Der Nebenstrang, der vom unerwarteten Hausgast handelte und hauptsächlich berichtete, wie es zwischen dem jungen Baabe und ihr zu knistern begann, was der Hausherrin mehr als ein Dorn im Auge war, ebenso wie einer der Angestellten, die unbedingt in die Familie Baabe einheiraten wollte, war für mich wenig aufregend. Vor Allem in Traumsequenzen kamen Erinnerungsfetzen hoch; Frau Baabe äußerte regelmäßig, dass sie die gedächtnislose Fremde für eine schauspielernde Betrügerin hielt oder, ähnlich schlimm, einen Nachkömmling des armen Pöbels, die Erinnerungsfragmente sprachen dagegen und ich fand es völlig vorhersehbar, wie dieser Teil der Geschichte letztlich ausgehen würde und als wer die Fremde sich entpuppen würde bzw. welcher Gesellschaftsschicht zugehörig.
Überrascht hat mich allerdings die tatsächliche Familienzugehörigkeit; ich hatte eingangs damit gerechnet, dass sie zu einer anderen Sippschaft zählen würde, aber die Gesellschaftsklasse war völlig richtig eingeschätzt. 

Schön fand ich, dass die Geschichte zum Jahrhundertwechsel spielte und hier bereits durchklang, dass die Gesellschaft sich in einem Wandel befand: Die Mutter war noch sehr konservativ, während der Vater dem Moderneren gegenüber nicht ganz so verschlossen war, dem Bruder schien es weitgehend egal zu sein, wobei er aber auch bereit war, seine Schwester zu unterstützen und generell keine "Der Mann ist der Chef und als Frau hat man zu gehorchen"-Attitüde an den Tag legte und Johanna merkte man an, dass sie mit den üblichen Konventionen haderte und auch überlegte, hier den "Ausbruch" zu wagen. Dabei wirkte dies alles wie in natürlicher Generationenunterschied, ein normaler Abnabelungsprozess und das obligatorische Erwachsenwerden. 
Ich fand das alles sehr authentisch für eine bessergestellte Familie am Ende des 19. und zu Beginn des 20. Jahrhunderts.

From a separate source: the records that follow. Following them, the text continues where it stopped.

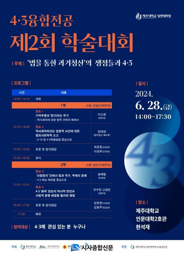 4¡¤3À¶ÇÕÀü°øÀÇ µÎ ¹øÂ° Çмú´ëȸ´Â ¡®¹ýÀ» ÅëÇÑ °ú°Åû»êÀÇ ÀïÁ¡µé°ú 4¡¤3¡¯ÀÇ ÁÖÁ¦·Î ¹ßÇ¥¿Í Åä·ÐÀ¸·Î ±¸¼ºµÆ´Ù. 1ºÎ´Â ¡ã±â¾ïÅõÀï°ú ¹ýÀ̶ó´Â ¹«±â: ¿ª»ç¿Ö°î¿¡ ´ëÇÑ ¹ýÀû ±ÔÁ¦ÀÇ ¿¹¿¡¼, ¡ã¡®¿ª»ç¿Ö°îÁ˶ó´Â ÀÔ¹ýÀû »ç°Ç¿¡ ´ëÇÑ ¹üÁË»çȸÇÐÀû ¼Ò°í: 5¡¤18 ¹× 4¡¤3Ưº°¹ýÀ» Áß½ÉÀ¸·Î¡¯ ¹ßÇ¥¸¦ ½ÃÀÛÀ¸·Î Åä·Ð°ú ÁúÀÇÀÀ´äÀÌ À̾îÁø´Ù. 2ºÎ¿¡¼´Â ¡ã»ç¹ýÁ¤ÀÇ ¾È¿¡¼ ¹ý°ú ±¹°¡, ÁÖüÀÇ ¹®Á¦: 4.3 Àç½É ÀçÆÇÀ» Áß½ÉÀ¸·Î, ¡ã4¡¤3 ¿Ö°î Çö»óÀÇ ¿ª»çÀû º¯Ãµ°ú »ç¹ýÀû ºÐÀï ÇØ°áÀ» µÑ·¯½Ñ ÀïÁ¡ ¹ßÇ¥¡¤Åä·Ð°ú ÇÔ²² ÁúÀÇÀÀ´äÀ¸·Î ¸¶¹«¸®µÈ´Ù.
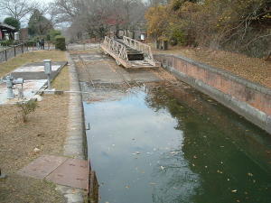 インクラインの天辺の琵琶湖側にはすぐそこまで水がきています。
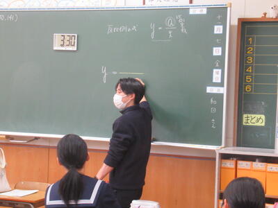 反比例の性質について、X(エックス)の変域を変えるとどうなるかについて学習しました。

Allzu konfliktreich war "Winterblüte" nun nicht, es war einfach eine nette Erzählung einer Episode, wie sie sich eben um 1900 im Hause einer Familie in Heiligendamm abgespielt hat. Besonders tiefgründig oder historisch relevant ist "Winterblüte" nicht; Charlotte Roths Romane, die von der ersten Hälfte des 20. Jahrhunderts erzählen, empfinde ich bereits als historisch deutlich vielsagender.
"Winterblüte" ist für mich da doch eher oberflächliche Unterhaltungsliteratur, die mir beim Lesen ausgesprochen gut gefiel: Das war eine fluffige Familiengeschichte aus vergangenen Tagen. Dauerhaft eingebrannt hat sich "Winterblüte" mir aber definitiv nicht.